OSHA Violation Lookup: How to Search Inspections, Citations & Penalties (2026 June Guide)

An osha violation lookup lets anyone search the public record of workplace safety inspections, citations, and penalties that the Occupational Safety and Health Administration has issued against an employer. Whether you are a job seeker vetting a potential employer, a contractor screening a subcontractor, a journalist researching a story, or a safety manager benchmarking your own company, these searches pull from a federal database that is free, open, and surprisingly detailed. You do not need a login, a subscription, or a lawyer to read it.

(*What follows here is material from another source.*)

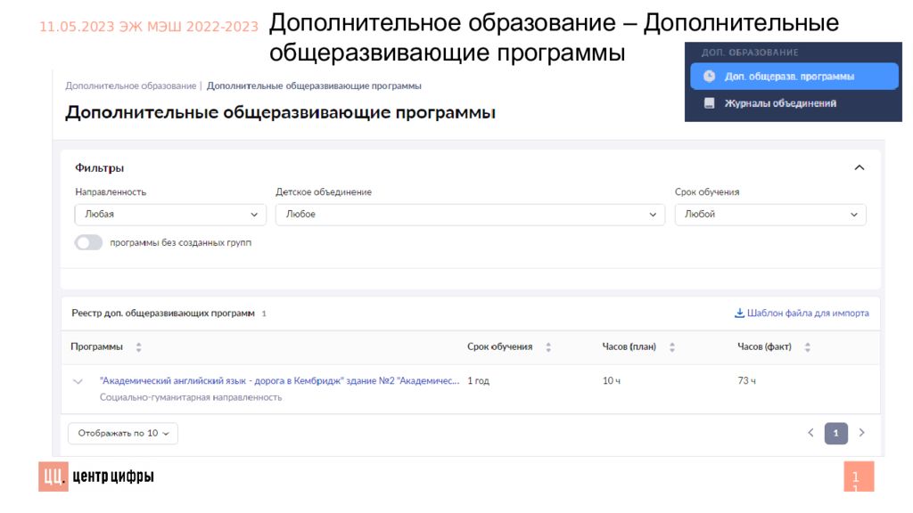 11 11.05.2023 ЭЖ МЭШ 2022-2023 Дополнительное образование – Дополнительные общеразвивающие программы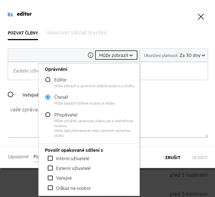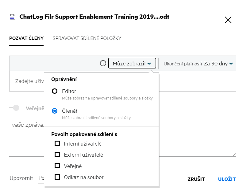 Interní uživatelé: Soubor lze opakovaně sdílet s interními uživateli.

Most people are surprised to learn just how much information OSHA publishes. Every inspection generates a record that includes the date, the establishment name, the violations cited, the specific standard numbers, the severity classification, the proposed penalty, and the eventual settlement amount. Some records even include the narrative of what an inspector observed. Because workplace safety is a matter of public interest, this transparency is intentional. Knowing how to read it turns a wall of bureaucratic codes into a clear picture of how seriously a company takes worker safety.

The primary tool is the Establishment Search on OSHA's official website, but it is not the only one. The Department of Labor's enforcement portal, the Severe Injury Reports database, and several third-party aggregators each offer a slightly different window into the same underlying data. Throughout this guide we will walk through each source, explain what the codes mean, and show you how to interpret a company's history fairly rather than jumping to conclusions from a single old citation buried in the archive.

Understanding violations also means understanding the standards behind them. A citation under 1926.501 for fall protection means something very different from a recordkeeping paperwork error. The dollar amount of a penalty tells only part of the story; the classification — whether a violation is labeled serious, willful, repeat, or other-than-serious — often reveals far more about the underlying risk and the employer's intent. We will decode all of these terms so the numbers stop being intimidating and start being useful to you.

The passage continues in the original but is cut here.